Using Both Optional Methods
If you use both optional methods, you must add together the net earnings figured under
each method to arrive at your total net earnings from self-employment. You can report less
than your total actual net earnings from farm and nonfarm self-employment. If you use both
optional methods, you cannot report more than $1,600 of your combined net earnings from
self-employment.
Reporting Self-Employment Tax
Use Schedule SE (Form 1040) to figure and report your SE tax. Then enter the SE tax on
line 56 of Form 1040 and attach Schedule SE to Form 1040.
If you have to
pay SE tax, you must file Form 1040 (with Schedule SE attached) even if you do not
otherwise have to file a federal income tax return.

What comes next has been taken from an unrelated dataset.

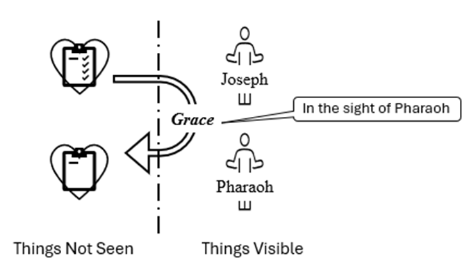 As Joseph delivered the grace that had been given to him, that grace briefly passed into the realm of things visible where Pharaoh could see them.

Self-employment tax deduction. You can deduct half of your SE tax in
figuring your adjusted gross income. This deduction only affects your income tax. It does
not affect either your net earnings from self-employment or your SE tax.
To deduct the tax, enter on Form 1040, line 29, the amount shown on the Deduction
for one-half of self-employment tax line of the Schedule SE.
Long Schedule SE. Most taxpayers can use Section A-Short
Schedule SE to figure their SE tax. However, the following taxpayers must use Section
B-Long Schedule SE.
- Individuals whose total wages and tips subject to social security or railroad retirement
tax plus earnings subject to SE tax are more than $84,900.
- Ministers, members of religious orders, and Christian Science practitioners not taxed on
earnings from these sources (with IRS approval) who owe SE tax on other earnings.
- Employees who earned wages reported on Form W-2 of $108.28 or more working for churches
or church organizations that elected an exemption from employer social security and
Medicare taxes.
- Individuals with tip income subject to social security or Medicare taxes that was not
reported to their employers.
- Individuals who use one of the optional methods to figure earnings subject to SE tax.
Joint return. If you file a joint return, you cannot file a joint
Schedule SE. This is true whether one spouse or both spouses have earnings subject to SE
tax. Your spouse is not considered self-employed just because you are. If both of you have
earnings subject to SE tax, each of you must complete a separate Schedule SE. However, if
one spouse uses the Short Schedule SE and the other spouse has to use the Long
Schedule SE, both can use the same form. Attach both schedules to the joint return.
If you and your spouse operate a business as a partnership, see Husband and wife
partners, earlier, under Who Must Pay Self-Employment Tax.
Community income. If any of
the income from a farm or business, other than a partnership, is community income under
state law, it is included in the earnings subject to SE tax of the spouse carrying
on the trade or business. The identity of the spouse carrying on the trade or business is
determined by the facts in each case.
Community income from a partnership. If you are a partner
and your distributive share of any income or loss from a trade or business carried on by
the partnership is community income, treat your share as your earnings subject to SE tax.
Do not treat any of your share as earnings of your spouse.